======== Data records

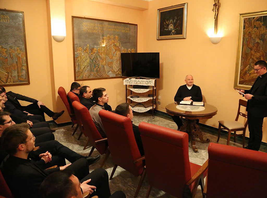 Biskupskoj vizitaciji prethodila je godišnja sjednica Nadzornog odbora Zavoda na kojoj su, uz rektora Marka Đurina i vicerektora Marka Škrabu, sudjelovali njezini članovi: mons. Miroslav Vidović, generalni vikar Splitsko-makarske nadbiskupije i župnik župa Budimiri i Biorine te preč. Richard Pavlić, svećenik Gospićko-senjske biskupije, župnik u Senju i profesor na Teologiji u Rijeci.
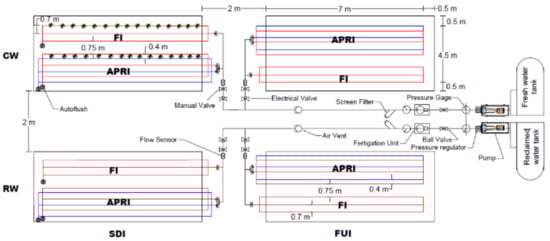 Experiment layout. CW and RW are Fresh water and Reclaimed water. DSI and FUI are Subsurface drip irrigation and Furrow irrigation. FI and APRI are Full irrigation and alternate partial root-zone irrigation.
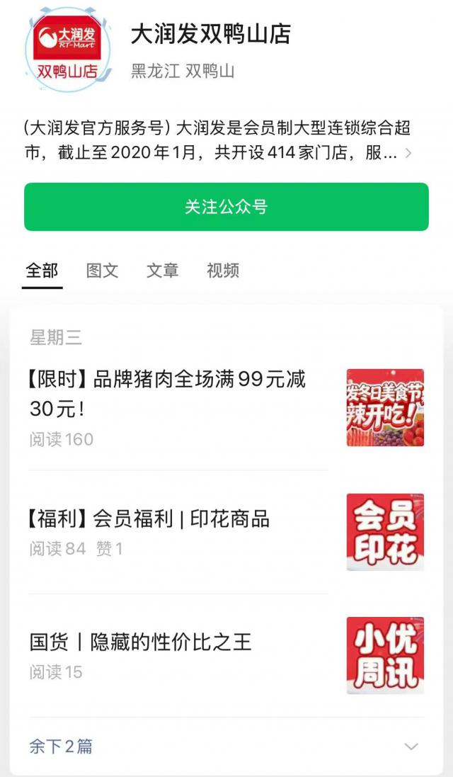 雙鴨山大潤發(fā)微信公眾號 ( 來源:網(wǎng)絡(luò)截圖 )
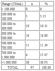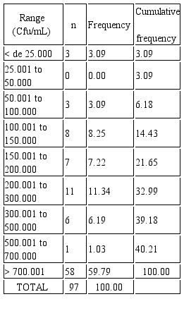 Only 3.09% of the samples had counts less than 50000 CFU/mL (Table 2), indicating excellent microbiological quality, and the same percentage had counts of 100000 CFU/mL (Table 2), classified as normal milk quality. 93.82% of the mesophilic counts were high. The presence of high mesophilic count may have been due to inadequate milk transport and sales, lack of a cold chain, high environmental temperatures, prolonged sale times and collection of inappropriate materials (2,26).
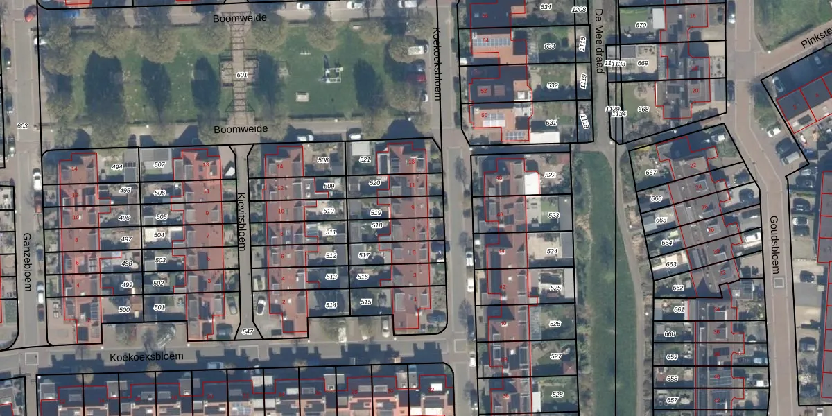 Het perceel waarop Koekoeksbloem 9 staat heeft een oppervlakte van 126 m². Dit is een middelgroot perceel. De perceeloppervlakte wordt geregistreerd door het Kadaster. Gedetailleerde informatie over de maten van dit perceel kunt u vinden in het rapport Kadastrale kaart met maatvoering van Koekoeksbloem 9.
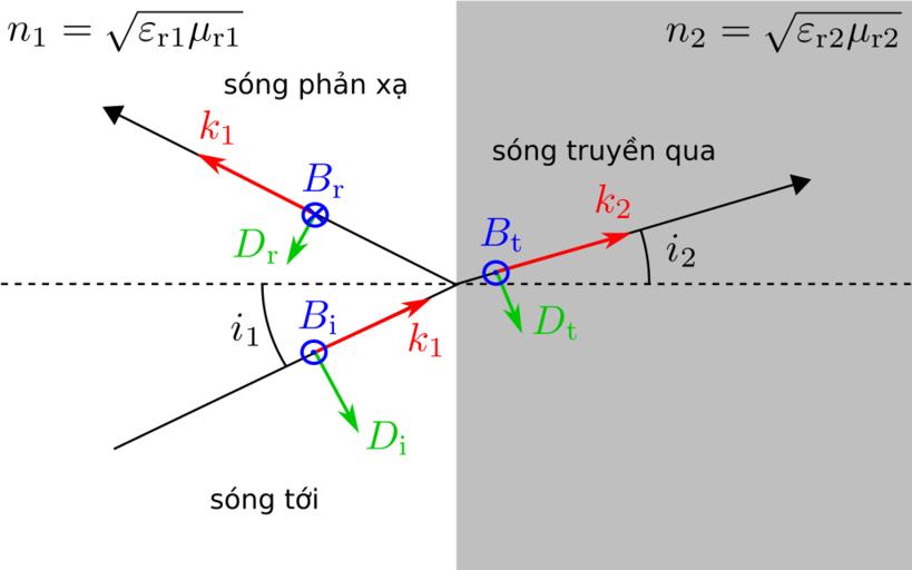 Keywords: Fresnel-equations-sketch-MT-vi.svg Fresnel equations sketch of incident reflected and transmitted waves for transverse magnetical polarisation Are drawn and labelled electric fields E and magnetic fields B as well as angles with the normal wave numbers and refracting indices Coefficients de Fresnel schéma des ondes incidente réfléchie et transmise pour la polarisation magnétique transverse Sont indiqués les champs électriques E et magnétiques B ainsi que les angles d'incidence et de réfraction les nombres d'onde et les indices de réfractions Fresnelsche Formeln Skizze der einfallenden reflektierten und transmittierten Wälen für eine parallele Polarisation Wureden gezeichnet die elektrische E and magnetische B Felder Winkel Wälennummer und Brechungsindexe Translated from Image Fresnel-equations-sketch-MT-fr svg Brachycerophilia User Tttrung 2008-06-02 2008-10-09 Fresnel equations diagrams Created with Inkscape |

================

Work required:
From the data above, return exactly the lines from the one with "Experiment layout. CW" up to and including the one with "雙鴨山大潤發(fā)微信公眾號 ( 來源:網(wǎng)絡(luò)截圖 )". Pictures do not go in the copy.

Answer:
 Experiment layout. CW and RW are Fresh water and Reclaimed water. DSI and FUI are Subsurface drip irrigation and Furrow irrigation. FI and APRI are Full irrigation and alternate partial root-zone irrigation.
 雙鴨山大潤發(fā)微信公眾號 ( 來源:網(wǎng)絡(luò)截圖 )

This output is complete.